American government official

Hannibal "Mike" Ware was the inspector general of the United States Small Business Administration. Ware was sworn into office on May 24, 2018 and served until January 24, 2025.

==Early life==
Ware is originally from the U.S. Virgin Islands, and he grew up on St. Croix. He graduated from Central High School. He earned a Bachelor of Arts degree in accounting from the University of the Virgin Islands. He also is a graduate of the Senior Executive Service Career Development Program. He has received numerous awards and honors throughout his career. He was conferred a degree of Doctorate of Human Letters by the University of the Virgin Islands in December 2020.

== Career ==
As a junior in college, Ware began working as an intern auditor for the Office of the Inspector General of the U.S. Department of the Interior in 1990. He continued working there after graduation. He was later promoted to supervisor of the office.

In 2009, Gov. John de Jongh Jr. used $490,000
of government funds to build a perimeter fence, expand his driveway, build a guard house, and installed a security camera system. Ware found that de Jongh had used money designated for repairs to public roads to make the improvements to his private home, which was improper and circumvented the legislature. The attorney general charged DeJongh with criminal embezzlement of public funds and neglecting to pay over public monies.

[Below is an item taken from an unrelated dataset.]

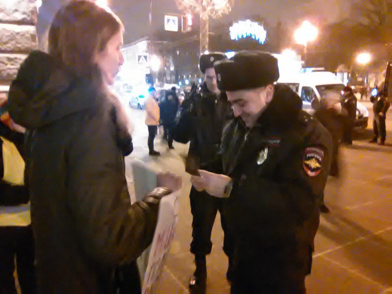 Заботливая проверка документов у Ильи Ткаченко на пикете в защиту Цакунова:

Ware was later promoted to Eastern Regional Manager. While he was Deputy Assistant Inspector General for Management, Ware managed the office's operating budget and logistics.

Ware served as the Deputy Inspector General of the Small Business Administration from April 2016 to January 2017. When Inspector General Peggy E. Gustafson left the position to become to Inspector General of the Department of Commerce, Ware served as the Acting Inspector General from January 9, 2017, until President Donald Trump appointed him, the Senate confirmed him, and he was sworn into office on May 24, 2018.
He is responsible for independent oversight of SBA’s programs and operations, which normally encompass more than $100 billion in guaranteed loans and nearly $100 billion in Federal contracting dollars. As a result of SBA’s role in the nation’s pandemic response, he is providing oversight of over a trillion dollars of lending authority aimed at stabilizing the nation’s economy and providing vital capital to the nation’s small businesses. He also is a statutory member of the Council of the Inspectors General on Integrity and Efficiency’s (CIGIE) Pandemic Response Accountability Committee (PRAC), serving alongside his Inspector General colleagues to provide a whole of Government response to the pandemic oversight effort. Within the PRAC, Inspector General Ware chairs the Subcommittee on Audits. In addition, Inspector General Ware serves as the Chair of the Audit Committee for CIGIE and is a member of CIGIE’s Executive Council.

In 2017, Ware helped uncover several contractors that had received federal contracts intended for service-disabled veteran-owned small businesses under false pretenses. One company attempted to qualify by hiring a disabled veteran to officially serve in that role as a figurehead while not actually controlling the company at all.

In May 2020, Ware criticized the Small Business Administration's rules for the Paycheck Protection Program, saying that the Small Business Administration had set stricter rules than Congress wrote into the law created the program, which is causing an "unintended burden" on businesses. Ware also said that the Small Business Administration's failure to provide guidance to financial institutions to prioritize businesses in underserved and rural markets, resulting in fewer loans to their businesses than the law intended.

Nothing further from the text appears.